» Exercise directions:
From the line that contains "Withe 105.5 x" to the last line of the data below, transcribe every line exactly. Do not include the pictures.

» The data:
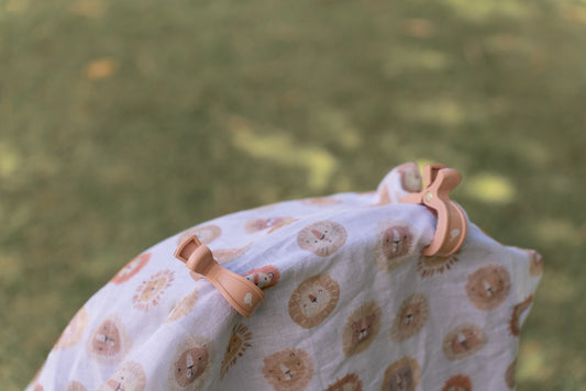 Lions Muslin Wrap & Latte Pram Clips Set
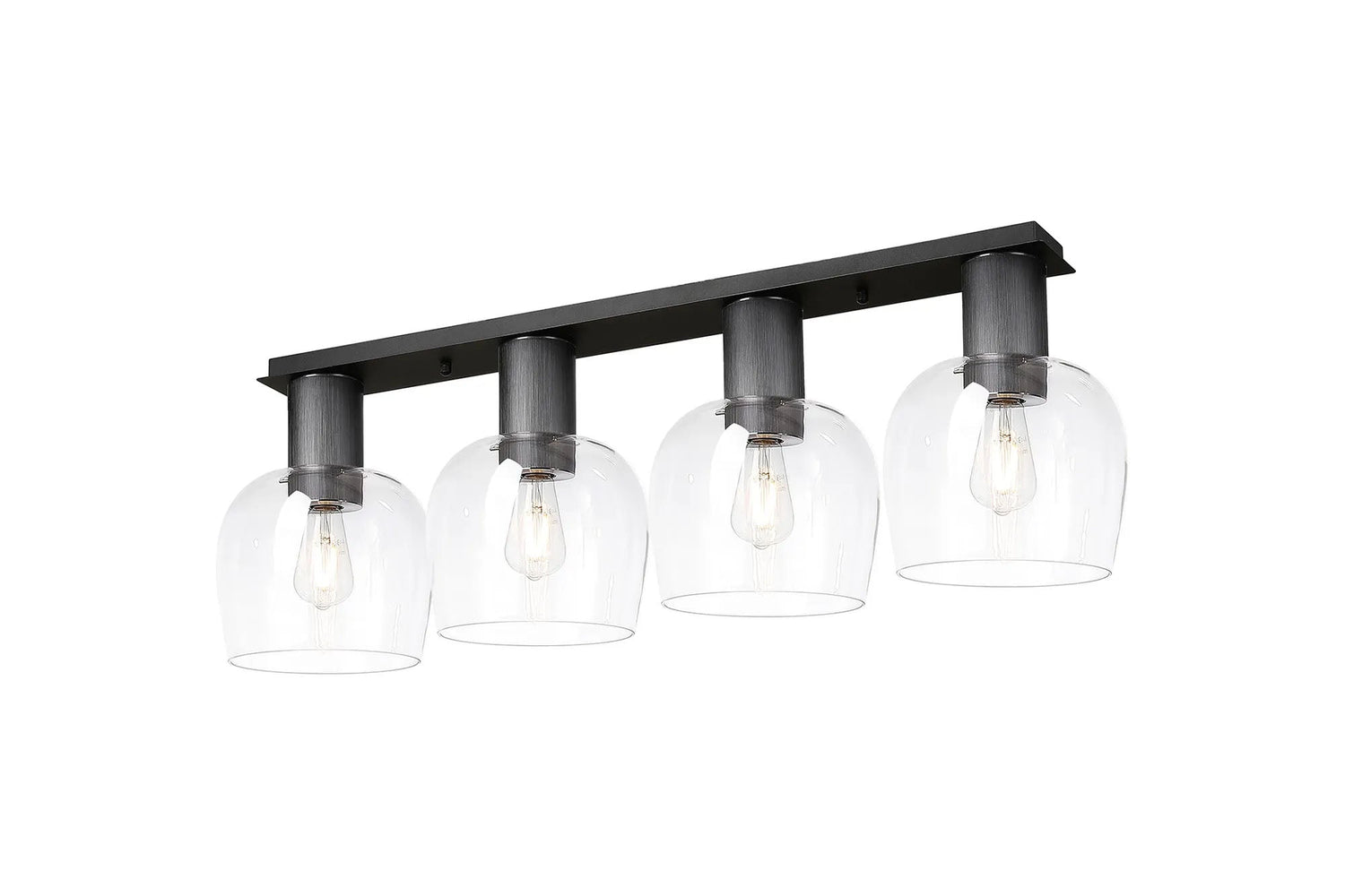 Withe 105.5 x 23.5cm Linear Ceiling Light, 4 x E27, Gun Metal/Satin Black/Clear Wine Glass
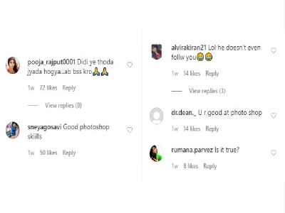 उनकी फोटो पर कमेंट करते हुए लिखा "दीदी यह थोड़ा ज्यादा हो गया, अब बस करो। वहीं, दूसरे यूजर ने इस फोटो पर रिएक्शन देते हुए लिखा, "अच्छी फोटोशॉप स्किल है। इस तरह से यूजर्स ने तरह तरह के कमेंट राखी की इस फोटो पर किए हैं।

» Written answer:
 Withe 105.5 x 23.5cm Linear Ceiling Light, 4 x E27, Gun Metal/Satin Black/Clear Wine Glass
 उनकी फोटो पर कमेंट करते हुए लिखा "दीदी यह थोड़ा ज्यादा हो गया, अब बस करो। वहीं, दूसरे यूजर ने इस फोटो पर रिएक्शन देते हुए लिखा, "अच्छी फोटोशॉप स्किल है। इस तरह से यूजर्स ने तरह तरह के कमेंट राखी की इस फोटो पर किए हैं।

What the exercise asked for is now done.